EXERCISE PROMPT –
Without including any images, reproduce each entry exactly.

DATA EXCERPTS –

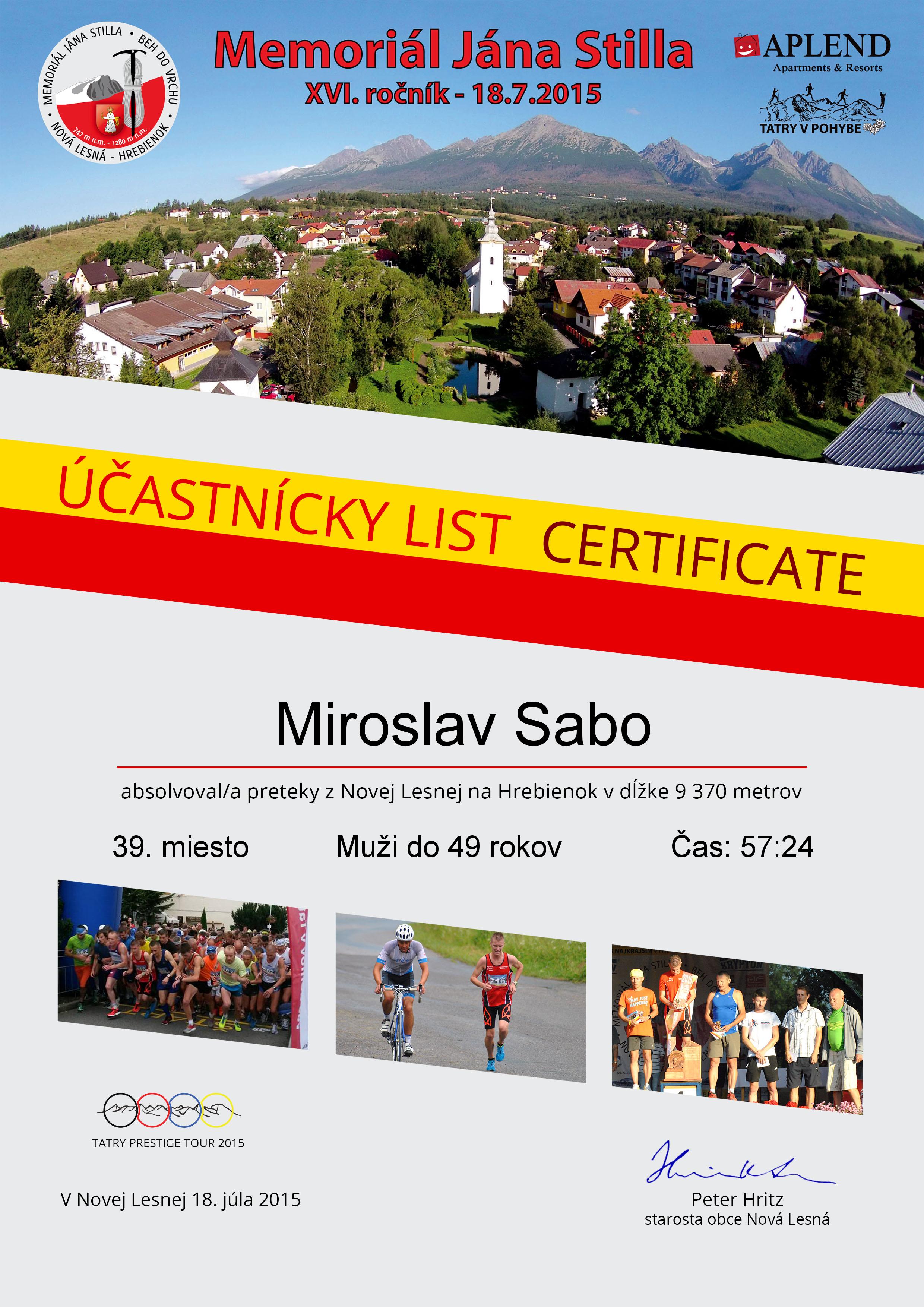 Účastnícky list pretekára Sabo Miroslav
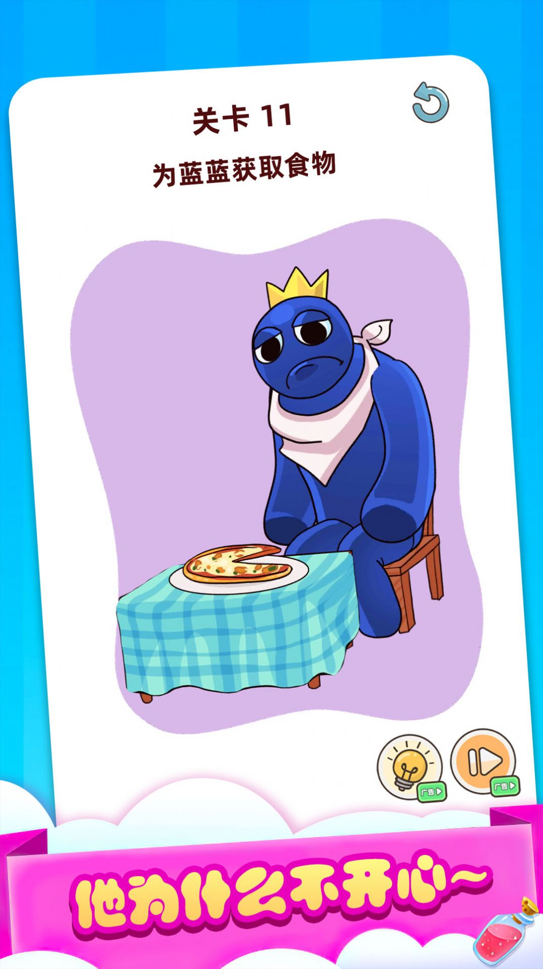 3、采用卡通角色的营造应战的放松,根据思考解锁不同的解谜方式。
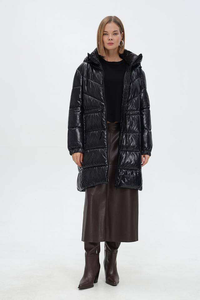 Пальто имеет прямой, приталенный силуэт, который подчеркивает фигуру. Капюшон добавляет функциональности и защищает от непогоды.
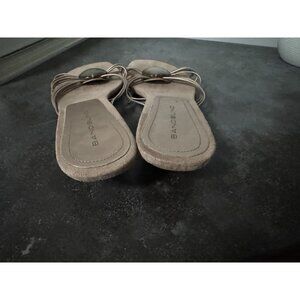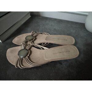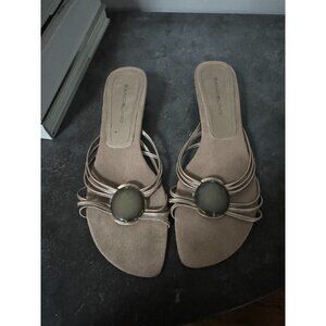Gold strappy leather sandals with greenish / yellowish stone with gold like sand under stone which embellishes strap. Heels is wood colored. Inside / sole is beige side/ No signs of wear, brand new without box.
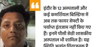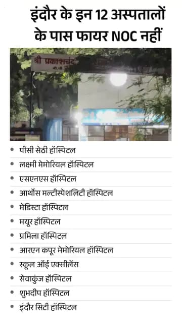 इंदौर के 12 बड़े अस्पतालों में भर्ती मरीजों की जान खतरे में है, क्योंकि इनके पास आग बुझाने के बेसिक इंतजाम तक नहीं हैं। इनमें सरकारी पीसी सेठी अस्पताल भी शामिल है। इसका खुलासा एक आरटीआई से हुआ है

EXERCISE RESPONSE –
 Účastnícky list pretekára Sabo Miroslav
 3、采用卡通角色的营造应战的放松,根据思考解锁不同的解谜方式。
 Пальто имеет прямой, приталенный силуэт, который подчеркивает фигуру. Капюшон добавляет функциональности и защищает от непогоды.
Gold strappy leather sandals with greenish / yellowish stone with gold like sand under stone which embellishes strap. Heels is wood colored. Inside / sole is beige side/ No signs of wear, brand new without box.
 इंदौर के 12 बड़े अस्पतालों में भर्ती मरीजों की जान खतरे में है, क्योंकि इनके पास आग बुझाने के बेसिक इंतजाम तक नहीं हैं। इनमें सरकारी पीसी सेठी अस्पताल भी शामिल है। इसका खुलासा एक आरटीआई से हुआ है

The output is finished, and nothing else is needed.